The one work of Schinkel’s which could most easily be Loos’ is his New Pavilion in the Schloss Charlottenburg Park, built in 1824-25 for Freidrich Wilhelm III. It is a white, almost cubic mass, like Loos’ houses of the late twenties, especially the Moller and Muller houses. It does not present a distinct facade: in each face at the first floor level there is a dark recessed balcony; there is scant difference in the treatment of the front and side balconies. The facade retreats into the face of the block. It develops no baroque thickness, instead becoming a surface, as thin as a coat of white paint. Loos also repeatedly used the seating-niche arrangement which Schinkel uses in his Charlottenburg Pavilion: in the first floor Garden Room, the niche is opposite the balcony, and so someone seated in the niche looks across the room and out the window. Loos’ arrangement is more complex, but retains the basic pattern: seated in niche of the Moller House, we would be looking back through the interior and out towards the back garden.

loos moller niche

Loosian touches are seen elsewhere in Schinkel’s oeuvre: the tent-room of the Charlottenhoff Palace uses fabric to create a ceiling canopy that drapes the walls and forms a canopy over the bed. In Loos’ bedroom for Lina Loos, the interior is similarly shaped by draping and spilling fabric: the fur which covers the bed spills onto the floor, and meets the wall-hangings.

schinkel tent roomloos bedroom for lina

What Loos would have us believe about the relationship between Schinkel and himself is that they share a common daemon. Schinkel’s significance for Loos is that he has opened himself to the civilising and urbanising force of this daemon; and this opening is marked particularly by Schinkel’s attitude to the removal of ornamentation as a movement of civility. Loos then casts himself in Schinkel’s light, as advancing this daemon‘s purposes even further, by opening himself more fully to it.
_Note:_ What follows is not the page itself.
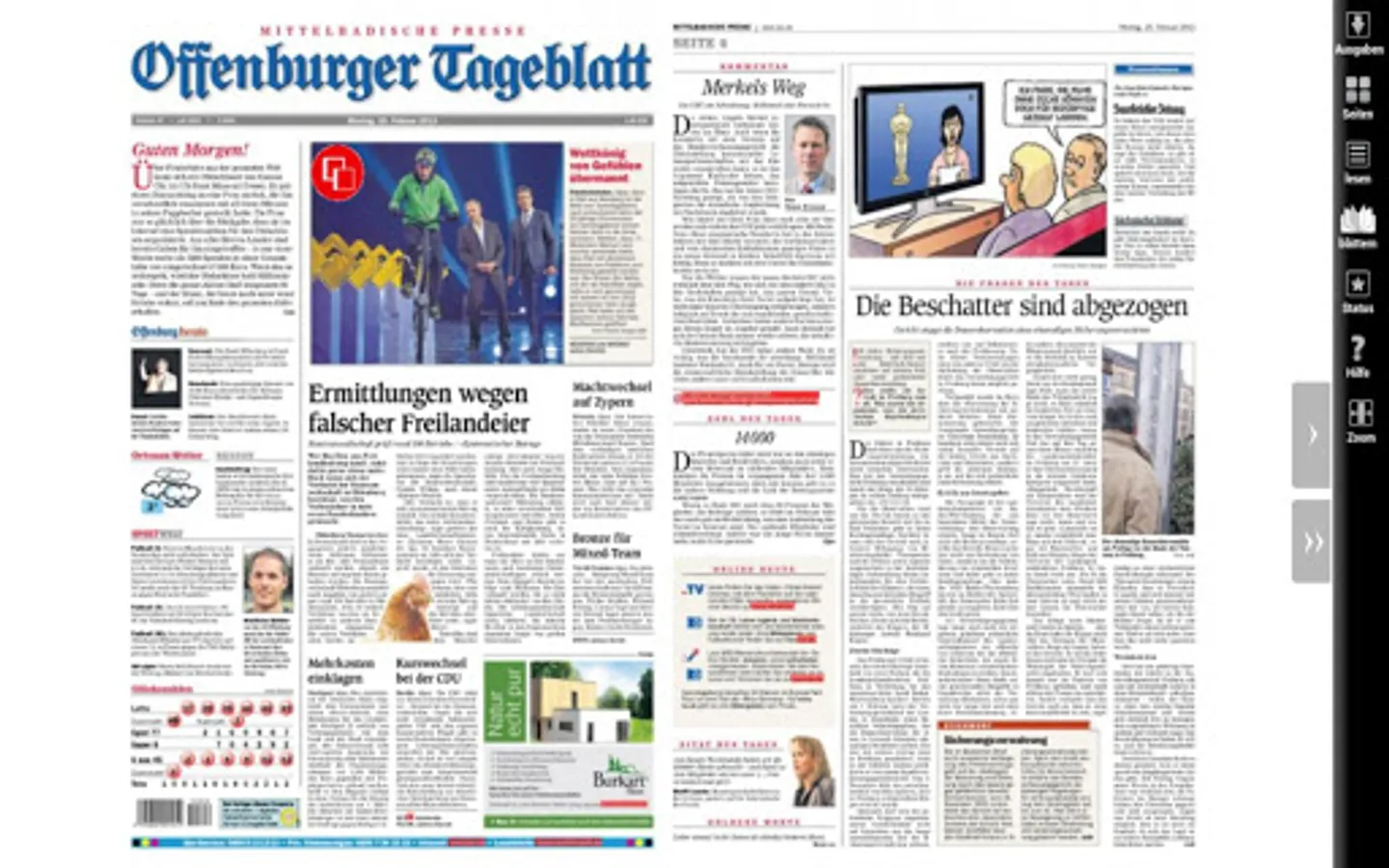 The Mittelbadische Press is organized in five local newspapers, the regional information platform of Ortenau circle. In the separate national section of politics, society, sport and culture of correspondents from around the world are illuminated. The local sections provide detailed information about what is happening on your doorstep.

Harold Bloom, according to his Anxiety of Influence (1973) calls this movement Daemonization, and suggests that it is a defensive move, a way to fend off the overbearing weight of a precursor. In this way, some of the elements of Loos’ mature work which we might take to be his most personal of touches: those signatory marks which we look for in order to recognise Loos in his work, might in fact be seen to be the points at which he is most closely Schinkel’s disciple.